Thursday, August 24, 2017

Actions, Not Words

Oh, the irony of being called “historically illiterate” by Dinesh D’Souza.  It’s enough to drive a sane person to drink.

This bit of sheer unadulterated nonsense came across my Facebook feed today while I was innocently searching for news of my friends’ lives.


Let’s just say, for the sake of argument, that the characterization of Robert E. Lee presented herein is accurate.  That he was a man of “unimpeachable integrity” and that he opposed both secession and slavery.  That he was a man of sufficient military skill that Lincoln wanted him to command the Union Army.  Sure.  Why not.  The job offer is objectively true, after all.  Let’s just start with that.

So what?

Here is the great lesson that Mr. D’Souza, a man whose own integrity is thoroughly impeachable, is trying to have you ignore with that little rant of his: 

You are what you do when it matters.

Your opinions, your beliefs, your previous record, are all irrelevant when it comes to crunch time.  You can say you oppose things, you can say you have integrity, you can wear all kinds of ribbons and medals and trinkets on your chest, you can be offered whatever job by whomever is offering, but the bottom line is that you are what you do when it matters, not what you say when it doesn’t and not what others say about you at any time.

Lee had a clear choice.  He could follow through on his supposed beliefs that slavery and secession were wrong.  He could uphold the oath he took as a military officer in the United States Army “to support and defend the Constitution of the United States against all enemies, foreign and domestic, [and] bear true faith and allegiance to the same.”  He could act with “unimpeachable integrity” and defend what he said he valued.

Or he could commit treason in the name of upholding human slavery.

The record is clear.

Lee, like so many of his southern fellow-travelers, chose treason.  He chose to support a pretender nation whose sole purpose was the perpetuation of human slavery (and if anyone is here tempted to give me the failed “states’ rights” argument for secession, please be advised that I am in fact professionally historically literate – malevolently so – and I will not be polite in dismissing your hallucinatory views as the revisionist trash that they are).  He chose to take up arms against the United States, to invade its territory, and to kill its citizens.

And he did so knowing full well what it meant.
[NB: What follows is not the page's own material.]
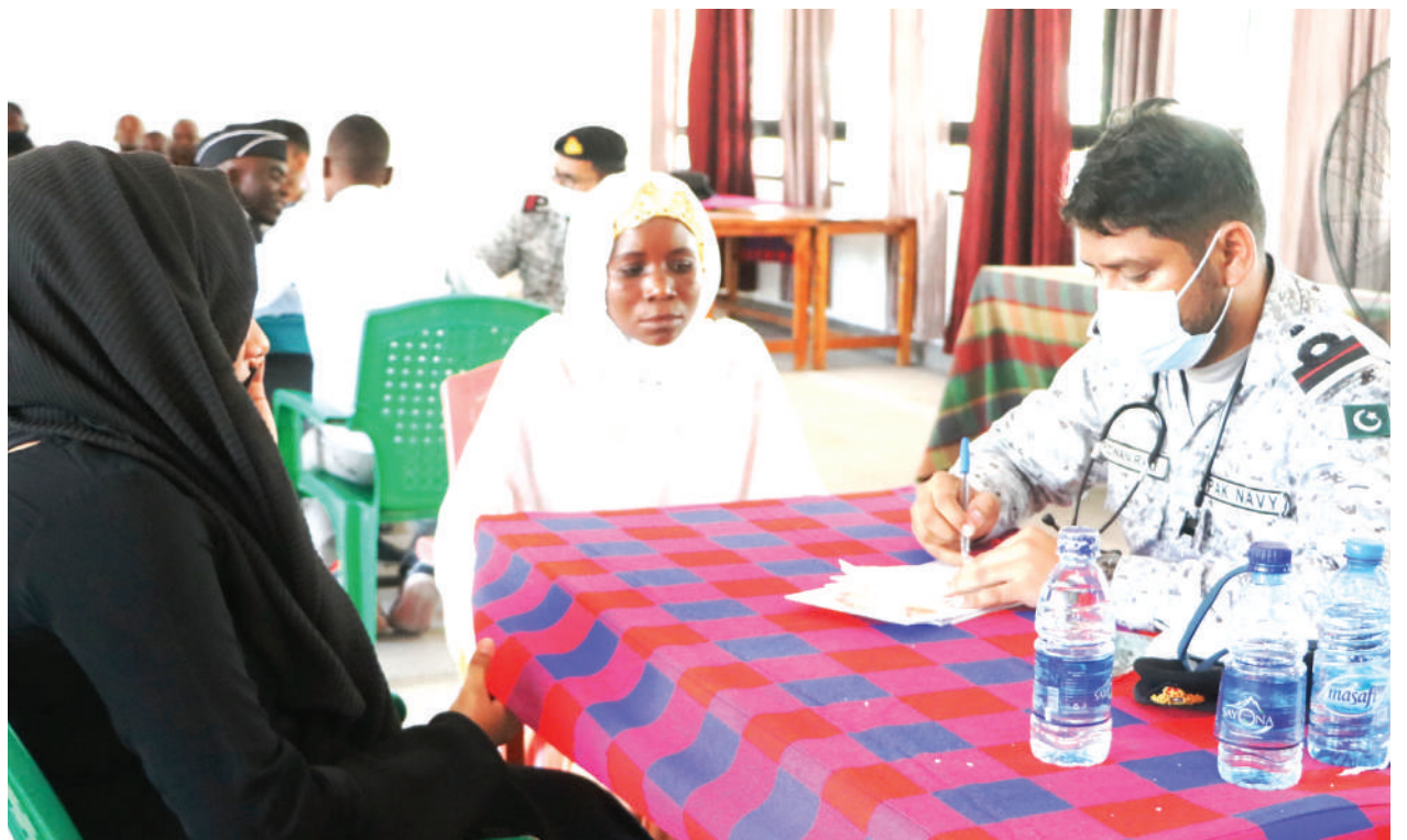
Mmoja wa madaktari kutoka kwenye meli ya Jeshi la Wanamaji la Pakistani (kulia), akiwahudumia wananchi katika kambi ya matibabu bure, iliyoandaliwa na jeshi hilo, katika Shule ya Almontazir, jijini Dar es Salaam mwishoni mwa wiki.

Myao alisema lengo la kutumia vyumba vya maabara, maktaba na mabweni ni kuhakikisha wanafunzi hao wanaenda sambamba kimasomo na wenzao waliopata nafasi katika chaguo la kwanza.

It is the historically illiterate who refuse to see this, who choose to whitewash this crime and insist that Lee is somehow a figure to be honored by patriotic Americans.  Treason is not honorable, and all the slavering nonsense spilled in its defense can’t change that.

You are what you do when it matters, and Lee chose slavery and secession.

To say otherwise is historically illiterate.

5 comments:

LucyInDisguise said...

Oh, yeah? What about the whole states ... wait, what?

malevolent |məˈlevələnt|
adjective
having or showing a wish to do evil to others: the glint of dark, malevolent eyes

Okay, you win. Nice word, malevolent. One eye short of a violent male. Seriously can not wait for the show to begin.

Let me get the popcorn ready - do I need to buy a ticket?

Lucy

LucyInDisguise said...

Oh, and about that honorific in front of D’Souza's name - I do not believe he has ever earned the right to be referred to as Mister.

You just slipped out of polite habit, I think?

Unless you were being sarcastic.

You were being sarcastic, weren't you?

You sly little devil, you!

Lucy

David said...

No ticket necessary - the show opens when necessary and closes abruptly.

Sarcastic? Not necessarily. Politeness to folks like that just confuses them, and I find that entertaining.

Eric said...

It seems to me that it's also worth noting that Lee had a third choice if he was truly torn between his oath and his regional loyalties: he could have stayed home and sat out the war. (Compare to the modern Republican who could have voted for Kasich if Clinton was a step too far to keep Trump out.)

Also, while it's not exactly inconsistent or hypocritical of him, I always have to mention that "anti-slavery Lee" had zero hesitation riding in front of a Union army to quash insurrection when it was John Brown trying to launch a slave revolt from Harpers Ferry. I'm sure that can be ascribed to his love for Virginia, too, but it still seems to me that he was on the wrong side of not one, but two revolts.

David said...

I don't blame Lee for the John Brown thing. Brown, for all that he was arguably on the correct moral side of things, was in fact fomenting rebellion against the United States and Lee's sworn duty as an officer in the US Army would have been to crush that. The US military's response to John Brown at Harper's Ferry is an example of the tragedy that happens when two rights collide.

Lee joining the secessionists and spending four long years fighting to preserve slavery is an example of what happens when someone chooses wrong over right, however. The great irony of it all in light of your comment is that not two years after stepping in to crush a rebellion against the United States, Lee stepped forward to lead a larger and more destructive rebellion against the United States.

That is neither honorable nor moral.